A git-style "blame" feature to extend the current version diff would be a super cool addition.
I was trying to avoid having to edit 25M, but the number is still going to be large. Here's some results from a early Nov 2025 edition dump:
| year | min_date | max_date | min_olid | max_olid | src_marc | src_other | src_none |
|---|---|---|---|---|---|---|---|
| UNKN | UNKNOWN | UNKNOWN | OL10005288M | OL10006011M | 0 | 0 | 3,204,513 |
| 2008 | 2008-04-01 | 2008-12-31 | OL1000683M | OL22792692M | 9,859,902 | 2,457,450 | 6,671,818 |
| 2009 | 2009-01-01 | 2009-12-31 | OL22792737M | OL23988174M | 670,357 | 257,990 | 250,231 |
| 2010 | 2010-01-01 | 2010-12-31 | OL23992570M | OL24549453M | 312,676 | 214,930 | 23,602 |
| 2011 | 2011-01-01 | 2011-12-31 | OL24549985M | OL25155213M | 385,726 | 180,584 | 23,932 |
| 2012 | 2012-01-01 | 2012-12-31 | OL25155397M | OL25420712M | 198,453 | 47,573 | 16,929 |
| 2013 | 2013-01-01 | 2013-12-31 | OL25420731M | OL25435637M | 1,943 | 2,338 | 10,070 |
| 2014 | 2014-01-01 | 2014-12-31 | OL25435656M | OL25648729M | 27,077 | 154,858 | 14,995 |
| 2015 | 2015-01-01 | 2015-12-31 | OL25648788M | OL25884180M | 6,085 | 27,172 | 20,650 |
| 2016 | 2016-01-01 | 2016-12-31 | OL25884366M | OL26210169M | 85,963 | 159,716 | 48,457 |
| 2017 | 2017-01-01 | 2017-12-31 | OL26210209M | OL26412268M | 16,841 | 153,495 | 28,319 |
| 2018 | 2018-01-01 | 2018-12-31 | OL26412543M | OL26630349M | 54,696 | 66,276 | 22,958 |
| 2019 | 2019-01-01 | 2019-12-31 | OL26630426M | OL27866185M | 328,488 | 595,189 | 19,195 |
| 2020 | 2020-01-01 | 2020-12-31 | OL27868034M | OL31837154M | 1,439,035 | 1,606,233 | 22,345 |
| 2021 | 2021-01-01 | 2021-12-31 | OL31838531M | OL36392434M | 122,053 | 3,566,494 | 28,798 |
| 2022 | 2022-01-01 | 2022-12-31 | OL36535476M | OL45134460M | 1,593,384 | 6,575,402 | 28,860 |
| 2023 | 2023-01-01 | 2023-12-31 | OL45192907M | OL50527406M | 1,261,829 | 3,893,075 | 35,190 |
| 2024 | 2024-01-01 | 2024-12-31 | OL50527472M | OL57389278M | 1,728,833 | 4,384,774 | 28,761 |
| 2025 | 2025-01-01 | 2025-11-06 | OL57392477M | OL60594687M | 1,640,811 | 657,979 | 29,526 |
| TOTAL | 19,734,152 | 25,001,528 | 10,529,149 |
The min and max OLIDs are fuzzier than I intended because it doesn't take into account the exact time, just date, but it provided an indication for when OLIDs were created.
I'm not sure how to interpret this data.
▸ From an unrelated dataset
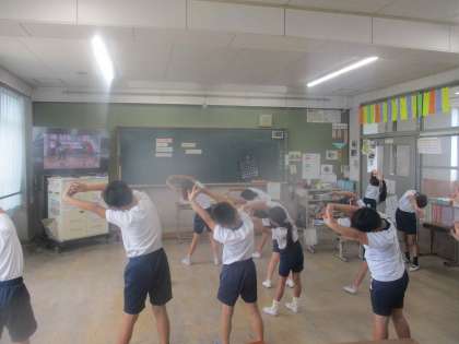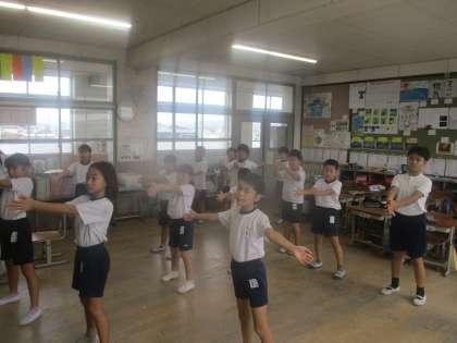 健康チャレンジのダンスを楽しく踊っています。

Does it say anything about machine_comment records? I didn't think they were included in the editions dump, but only the recent changes API.
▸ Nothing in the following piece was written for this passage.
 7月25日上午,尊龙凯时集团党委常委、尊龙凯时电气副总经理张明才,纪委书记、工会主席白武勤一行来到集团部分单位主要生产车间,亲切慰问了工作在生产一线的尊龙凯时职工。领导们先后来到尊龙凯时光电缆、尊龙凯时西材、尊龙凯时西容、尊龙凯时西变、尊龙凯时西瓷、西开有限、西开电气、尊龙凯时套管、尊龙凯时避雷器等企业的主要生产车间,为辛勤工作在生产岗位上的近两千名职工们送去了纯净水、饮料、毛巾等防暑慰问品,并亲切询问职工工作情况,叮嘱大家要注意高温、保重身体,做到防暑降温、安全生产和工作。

@tfmorris No, it doesn't say anything directly about machine_comments. It's just looking at the recorded source_records.
I was checking:
- my suspicion that recent bulk imports set the
source_recordon import, so we don't need to worry about those, - and also testing whether fixing just the records that have no
source_recordin metadata would be an efficient way to deal with the problem.
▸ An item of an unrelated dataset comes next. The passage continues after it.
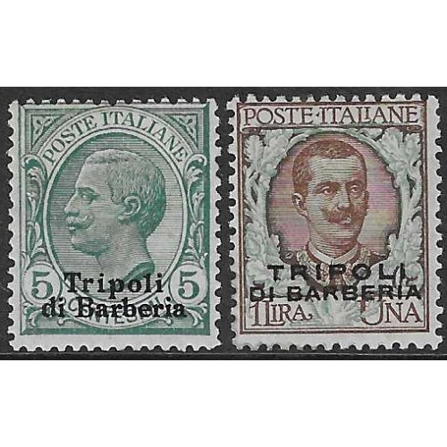Italian Post Offices in Libya: Tripoli; 1909 Tripoli di Barberia overprint on 10 different values mounted mint (usual tropical gum) including 5c green (Cat £170), 1l brown and green (Cat £170), 5l blue and rose top value, mainly sound SG, 174/181, E182/3 Cat £460.

The data shows that there are about 10M records without any source_record from the earliest days of OL which are likely to be those imported with machine_comments. Unknown date records seem to be early ~2008/2009 anonymous bulk imports too, and most I've checked have machine_comments. Some are user added editions across all years, but those barely register compared to the bulk imports.
I'm pleasantly surprised that the problem seems to be limited to 2008 imports, but also surprised that so many of OL's total records are still from 2008 (the 25M number you identified).
It's good to see that about half of the early records are MARC sourced. Many (most?) of the un-sourced records have MARC's in their machine comments, so we can increase that.
I plan to extract the machine comments from just the 10M no_source records, at least to start with, then look at expanding non-MARC sources if I can find a MARC reference.
Records with MARC sources are most valuable for metadata lookups for archive.org scanning and anyone else wanting full MARC, so filling in those gaps is my priority. I'm treating one library-quality MARC as good as any other (unless one is obviously corrupted), so filling in records that already have one won't change that outcome. Non-MARC, light bib data tends to be fully captured in the OL record, so linking is less valuable.